Was ist der häufigste Job in Deutschland?

Der Verkäuferberuf als häufigster Job in Deutschland im Überblick

Im deutschen Arbeitsmarkt mit etwa 45 Millionen Erwerbstätigen ragt der Einzelhandelsverkauf heraus. Die Bundesagentur für Arbeit (BA) erfasst in ihrer Berufsstatistik jährlich die Verteilung: Verkäuferinnen und Verkäufer stellen 3,3 Prozent aller Jobs. Dieser Beruf umfasst Tätigkeiten von der Kundenberatung bis zur Kassebedienung, oft in Vollzeit oder Teilzeit. Regionale Schwerpunkte liegen in Nordrhein-Westfalen und Bayern, wo Discounter wie Aldi und Lidl Tausende einstellen.

Die Ausbildung dauert meist drei Jahre zur Einzelhandelskauffrau oder -kaufmann, doch viele starten ohne – über 40 Prozent der Beschäftigten sind ungelernte Hilfskräfte. Löhne bewegen sich zwischen 2.200 und 3.000 Euro brutto monatlich, abhängig von Tarifvertrag und Erfahrung. Dieser Job profitiert von der Stabilität des Offline-Handels, der trotz E-Commerce 2023 Umsätze von 650 Milliarden Euro generierte.

Statista-Daten bestätigen: Kein anderer Beruf erreicht diese Quote. Lageristen folgen mit 1,2 Millionen, doch Verkäufer überholen durch Flexibilität.

Warum ist Verkäufer der häufigste Beruf im Einzelhandel?

Der Einzelhandel beschäftigt 5,8 Millionen Menschen, davon fast ein Viertel als Verkäufer. Gründe: Ständige Fluktuation mit 15-Prozent-Jahreswechselrate, getrieben von Schichtarbeit und Wochenenddiensten. Discounter eröffnen jährlich Hunderte Filialen – Aldi Nord allein 150 neue 2022. Kundenverkehr bleibt hoch: Pro Kopf gibt jeder Deutsche 7.800 Euro im stationären Handel aus.

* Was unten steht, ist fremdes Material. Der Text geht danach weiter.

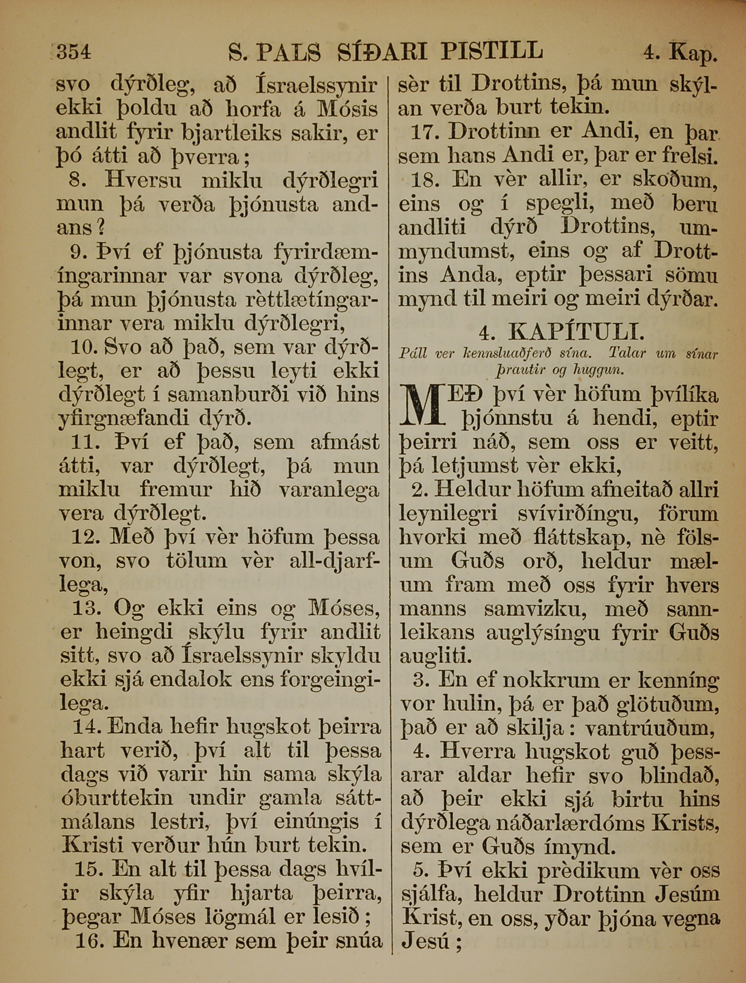 1863年冰島語新約全書 哥林多後書 3 章 8 節到 4 章 5 節

Demografische Faktoren spielen mit: Frauen machen 70 Prozent der Verkäuferinnen aus, oft in Teilzeit als Einstieg in den Arbeitsmarkt. Niedrige Einstiegshürden – keine Abiturpflicht – ziehen Migranten und Geringqualifizierte an. Tarifverträge wie der im Handel sichern Mindestlöhne ab 12,41 Euro/Stunde seit 2022, was Attraktivität steigert.

Trotz Automatisierungskassen: Menschliche Interaktion bleibt essenziell für Upselling und Kundentreue. Studien des Instituts der deutschen Wirtschaft (IW) zeigen, dass Verkaufsumsätze pro Mitarbeiter bei 180.000 Euro/Jahr liegen – effizienter als in Logistik.

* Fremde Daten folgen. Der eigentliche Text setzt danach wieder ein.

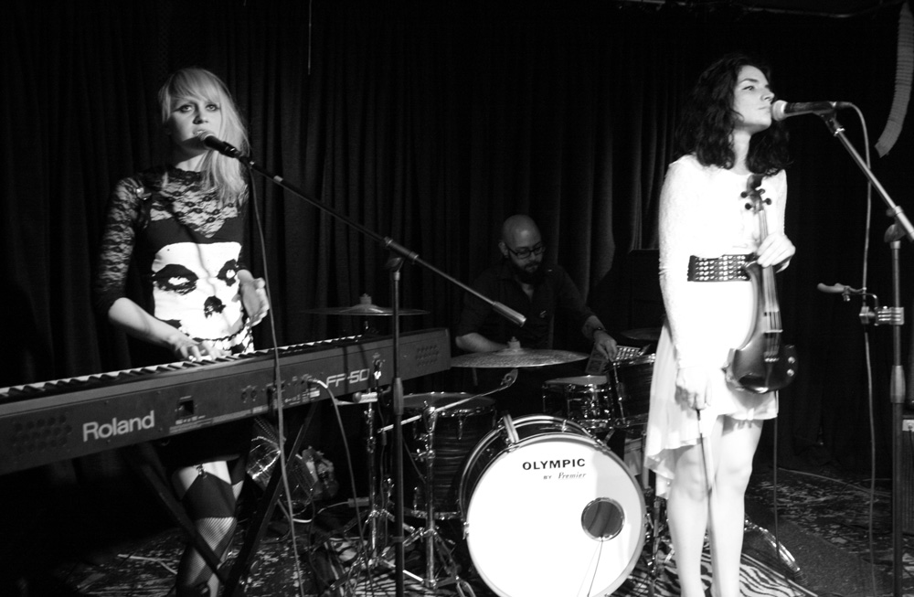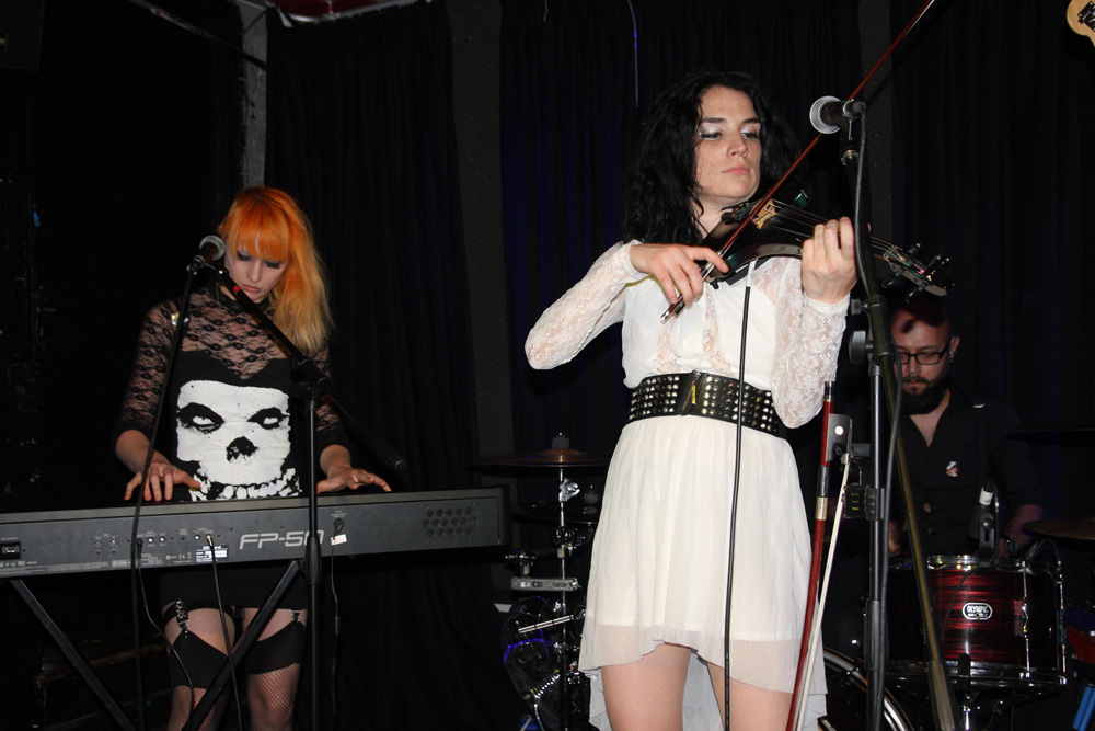 Theres been some changes in the Birdeatsbaby camp since I last caught them and it’s quickly evident that they are all for the better as far as this seriously underrated band are concerned. To say their last album ‘The Bullet Within’ hit me right between the ears would be a pun too far and a serious understatement and I was keen to hear tracks from it tonight. It’s ‘Hands Of Orlac’ from this that they set out to play and it starts to build when lead singer Mishkin realises her keyboard is not plugged in and band and audience have a right old laugh about it all. Sorted out, the opening sends shivers down the spine as it deliciously swoons in and proceeds to lead us off down a dark carnival etched path. Vocals are spot on and sound great and the bands secret weapon in the form of violinist backing singer Hana Piranha really adds to things. It’s all very stirring and evocative and with drumming battering away and some jagged riffing there’s more than a little headbanging presence to things for the first time tonight. The audience might not be up for that but everyone in the by now much busier venue is clearly enjoying things. ‘Tenterhooks’ gets its claws in and grooves away with Mishkin dancing away off stage with the audience. This is perfect poppy, kooky, glammy, circus induced rock with a great sense of the theatrical about it and songs like this are indelibly hard to shift which makes me wonder how on earth this band are not a lot bigger than they are. ‘Drinking Alone’ is much more of a solo affair and a heartfelt and evocative number that I am sure most people could identify. It’s beautifully and delicately and comes across as one of the most gorgeous and downbeat ballads I have heard in many a year. Naturally I raised my glass to it and the violin solo was almost enough to have us weeping into our drinks before jagged wrist slitting flamboyance spilled out and had everyone caught up in it. The way the group had moved from profound fragility to stirring passion was second to none.

Ein leicht ironischer Twist: Der Job, den manchen als "Kassenwart" gilt, trägt den Handel am Rücken – ohne Verkäufer kein Umsatzrekord.

Statistische Fakten zum häufigsten Job in Deutschland

Die BA-Berufsstatistik 2023 listet präzise: 1.468.000 Verkäufer, 1.180.000 Lagerfachkräfte, 980.000 Kfz-Mechatroniker. Dieser Abstand resultiert aus Handelsdichte: 450.000 Filialen bundesweit. Destatis ergänzt: In Ostdeutschland steigt der Anteil auf 4,2 Prozent durch höhere Arbeitslosigkeit und Fabrikmangel.

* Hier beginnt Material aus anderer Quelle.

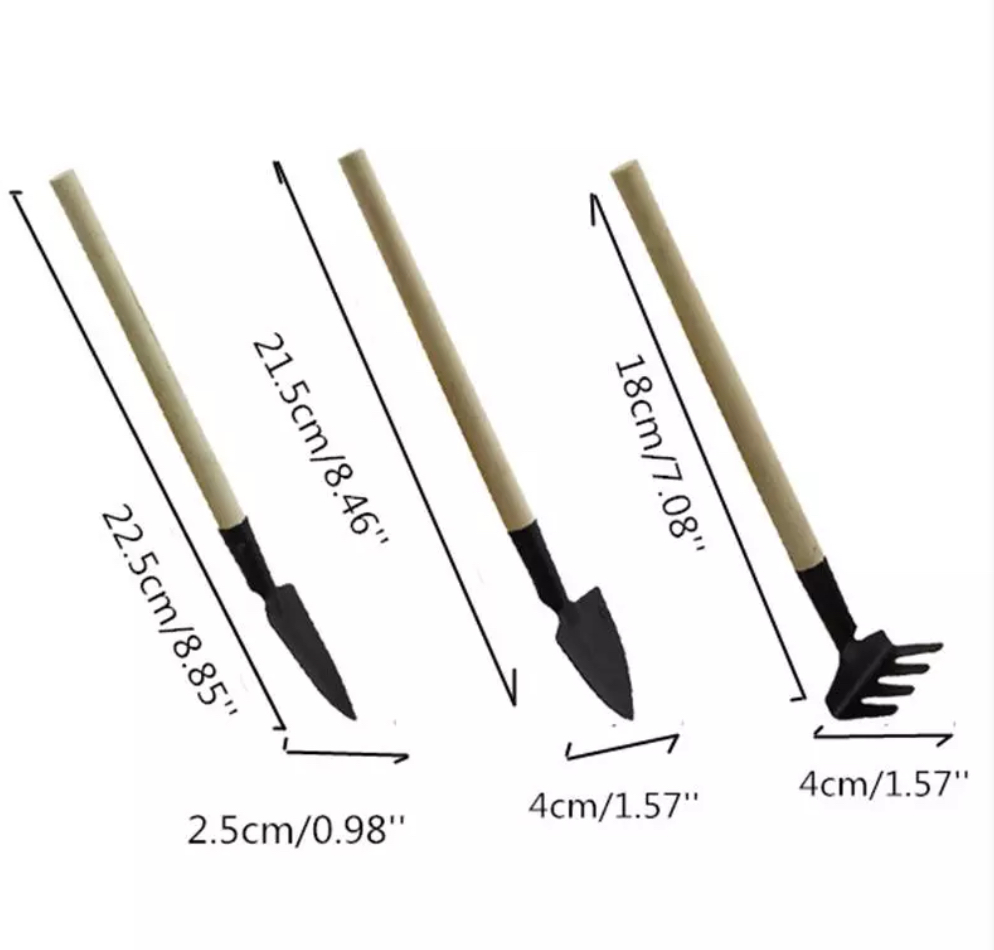Kit 3 unidades, Mini herramienta de mano de Jardinería, cabeza de metal, mango de madera. Ideal para jardineria a pequeña escala.

Vergleich 2013–2023: Wachstum um 12 Prozent bei Verkäufern, während Industrieberufe stagnierten. Frauenquoten: 72 Prozent, Männer dominieren Lager (65 Prozent). Altersstruktur jung: 45 Prozent unter 30, im Gegensatz zu Pflege (55 Prozent über 45).

Bruttolöhne variieren: Ost 2.400 Euro, West 2.900 Euro. Überstundenvergütung bis 25 Prozent Aufschlag. Ifo-Institut prognostiziert Stabilität bis 2030, da E-Commerce nur 10 Prozent Marktanteil erobert.

Diese Zahlen untermauern: Verkäufer ist kein Zufallstreffer, sondern systemimmanent.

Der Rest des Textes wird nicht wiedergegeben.